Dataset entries
□ □ □ □ □ □ □

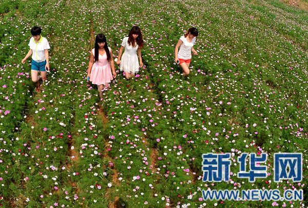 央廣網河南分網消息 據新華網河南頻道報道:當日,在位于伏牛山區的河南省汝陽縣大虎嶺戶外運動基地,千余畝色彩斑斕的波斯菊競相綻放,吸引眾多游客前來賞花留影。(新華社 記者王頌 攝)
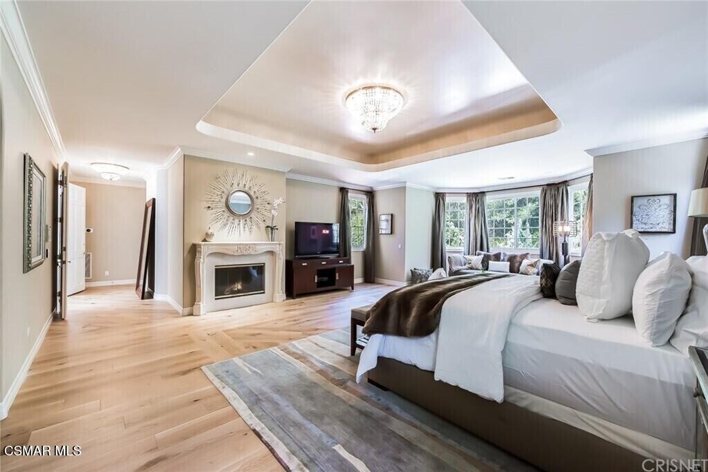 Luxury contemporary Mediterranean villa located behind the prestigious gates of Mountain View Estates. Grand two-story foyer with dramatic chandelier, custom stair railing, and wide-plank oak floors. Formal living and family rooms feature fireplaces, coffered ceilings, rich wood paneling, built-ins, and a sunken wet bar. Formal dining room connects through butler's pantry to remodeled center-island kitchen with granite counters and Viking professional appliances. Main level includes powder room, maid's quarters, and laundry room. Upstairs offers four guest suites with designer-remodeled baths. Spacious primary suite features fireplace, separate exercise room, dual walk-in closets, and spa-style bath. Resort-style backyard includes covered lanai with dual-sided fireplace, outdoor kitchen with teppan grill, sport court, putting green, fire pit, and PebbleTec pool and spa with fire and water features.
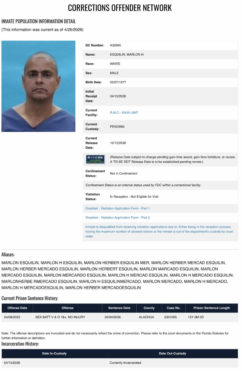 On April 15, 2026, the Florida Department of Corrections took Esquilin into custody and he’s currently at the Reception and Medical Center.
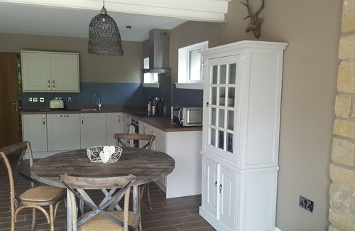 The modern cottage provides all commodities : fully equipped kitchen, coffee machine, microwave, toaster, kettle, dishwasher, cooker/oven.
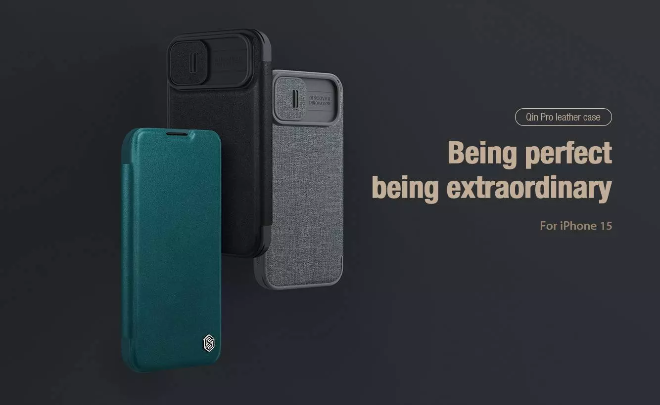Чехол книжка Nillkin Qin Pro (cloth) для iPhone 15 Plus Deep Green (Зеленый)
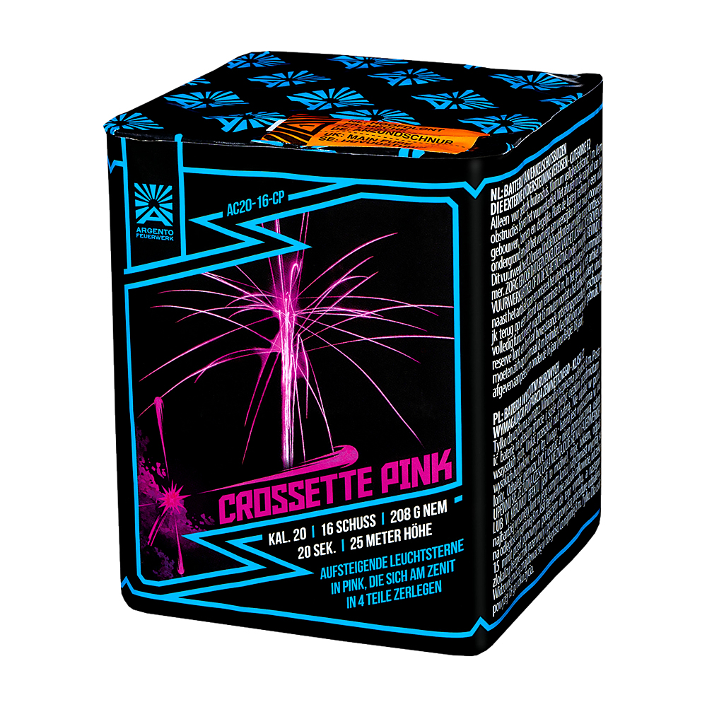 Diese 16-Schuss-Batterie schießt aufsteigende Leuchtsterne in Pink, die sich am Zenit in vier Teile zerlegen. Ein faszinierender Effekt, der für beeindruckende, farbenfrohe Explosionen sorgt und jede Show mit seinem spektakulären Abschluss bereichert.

□ □ □ □ □ □ □

Your answer must be the exact lines from the start of the data through the line with "The modern cottage", inclusive, and nothing else; pictures do not belong in it.

 央廣網河南分網消息 據新華網河南頻道報道:當日,在位于伏牛山區的河南省汝陽縣大虎嶺戶外運動基地,千余畝色彩斑斕的波斯菊競相綻放,吸引眾多游客前來賞花留影。(新華社 記者王頌 攝)
 Luxury contemporary Mediterranean villa located behind the prestigious gates of Mountain View Estates. Grand two-story foyer with dramatic chandelier, custom stair railing, and wide-plank oak floors. Formal living and family rooms feature fireplaces, coffered ceilings, rich wood paneling, built-ins, and a sunken wet bar. Formal dining room connects through butler's pantry to remodeled center-island kitchen with granite counters and Viking professional appliances. Main level includes powder room, maid's quarters, and laundry room. Upstairs offers four guest suites with designer-remodeled baths. Spacious primary suite features fireplace, separate exercise room, dual walk-in closets, and spa-style bath. Resort-style backyard includes covered lanai with dual-sided fireplace, outdoor kitchen with teppan grill, sport court, putting green, fire pit, and PebbleTec pool and spa with fire and water features.
 On April 15, 2026, the Florida Department of Corrections took Esquilin into custody and he’s currently at the Reception and Medical Center.
 The modern cottage provides all commodities : fully equipped kitchen, coffee machine, microwave, toaster, kettle, dishwasher, cooker/oven.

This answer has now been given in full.